"I was just on my way to meet the Warriors Three in the practice halls. Perhaps it would please you to join us!"
"I would like that. Have you been practicing anything in particular of late? The last thing I remember was Volstagg lagging behind the rest of you in rolling with a fall."
"She's much better now. This year we mainly spar with one another, and with whoever may dare to challenge us. Of whom there have been regrettably few in recent weeks. Have you learned anything on Midgard you could demonstrate? Or was it all hunting and singing and giving birth to horses?"
"I have learned one or two things, although I admit that giving birth to horses is very time consuming."
"Midgardians have a much different style, being weaker than we are and having less time to practice. What I have seen may be good for one or two surprises but will probably not suit for long-term repertoire."
Loki usually loses to all of the Three. Especially Hogun; least so to Fandral, but even Fandral usually beats her. (Thor leaves them all behind, of course.) Right now Loki is fighting Volstagg. Loki wins one fight of four with her; but there is no reason it shouldn't be this one.
It's this one. Loki levers herself into the air with a cunning extension of Lævateinn and lands behind her opponent to land a decisive strike to her back.
"Whence came you, stranger?" exclaims Thor.
She seems to be a warrior, nearly as tall as Thor, wearing armour of a simple design with a helmet that covers her face. Not especially prosperous, it looks like, but with a good sword by her side.
"Did you not see me?" she wonders. "I've been here an hour."
"An hour?" asks Loki. "I would believe maybe half that, if you turned invisible."
"Not invisible, just quiet. I came to see how a Princess of Asgard fights," she says. "Very well, it seems."

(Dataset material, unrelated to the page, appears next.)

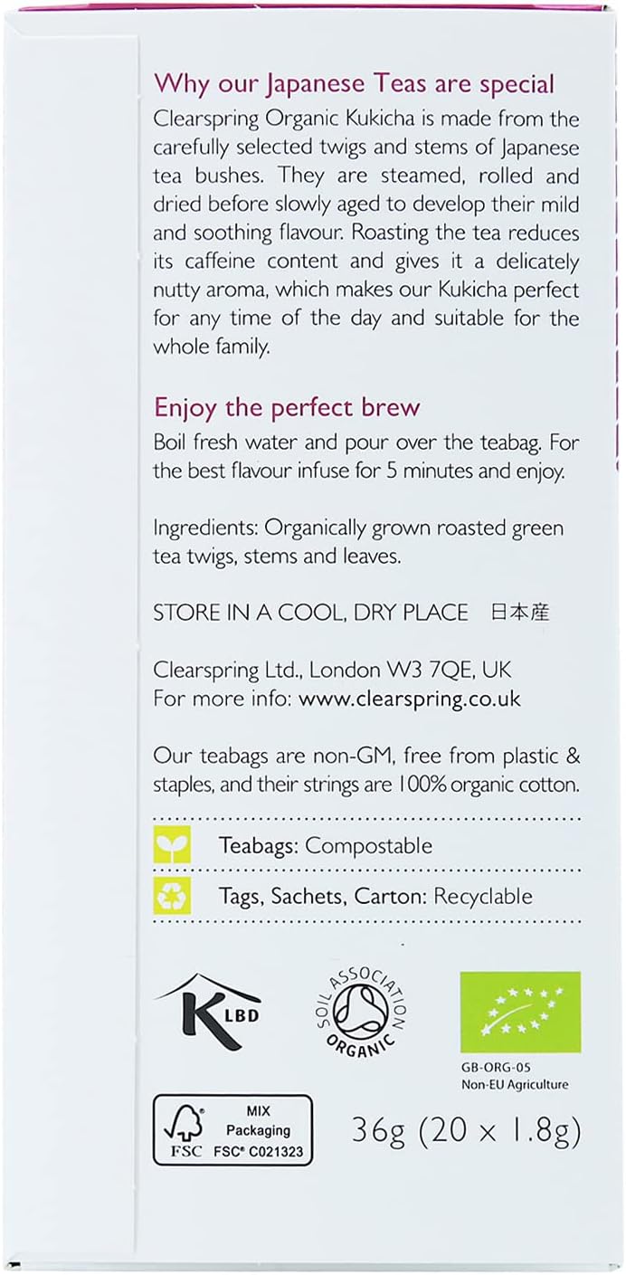 Clearspring Organic Japanese Kukicha - 20 Tea Sachets

"Thank you. And who is it who is so keen to supervise us?"
"No?" says Fandral. "There are no tales of the invisible warrior sung in the mead-halls?"

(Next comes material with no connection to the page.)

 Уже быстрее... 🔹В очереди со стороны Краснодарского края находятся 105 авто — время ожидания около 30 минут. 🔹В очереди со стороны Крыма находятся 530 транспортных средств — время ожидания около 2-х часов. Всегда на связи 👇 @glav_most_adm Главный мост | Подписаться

"There would need to be an invisible warrior for that," says the stranger. "I am not she."
"If you came all this way to see a Princess of Asgard fight, perhaps you should fight one," says Fandral, grinning at Thor and Loki.
"Perhaps I'm not ready to face such a worthy opponent," says the stranger. "One of their companions, maybe."
"Oh? Who would you challenge, then?"
"The talkative one," the stranger suggests.
Fandral laughs. "Very well then, I accept."
"I seldom beat her," remarks Loki, taking a seat and reducing Lævateinn to a convenient size. "You may have made a strategic error."
"That we shall!" says Fandral.
They draw their swords.
Fandral is quick - but somehow her blows never quite land where she meant them to. Fandral is nimble - but somehow she dodges into a strike as often as out of one. The stranger exhibits no polished techniques, no overtly successful stratagems beyond a gift for feinting convincingly, but somehow things just seem to turn out in her favour, again and again. She is either an unnervingly lucky swordswoman of middling skill, or a master of the art toying with Fandral for inscrutable reasons.
That is very interesting. She should teach a class on Not Being In The Same Place As Pointy Things.
In response, the stranger drops her pretense of mediocrity. Her sword moves with blurring speed and exquisite precision. Fandral holds her own for ten increasingly dramatic seconds, and then the stranger disarms her neatly and stands back.
"I'm really no one famous, you know."
"The way you wield a sword, you should be!"
"Well, that's your opinion," the stranger demurs, but she sounds pleased.
"At least let me see your face so I know what to tell the bards."
"Bards like a mystery."
"Come on! I could almost swear I've heard your voice before..."
"You won't be any happier for knowing," the stranger warns.
"Nonsense!"
"I'll fight you if you tell us your name," Thor offers in an effort to solve this dispute. "You're good enough to be worth a match, without question."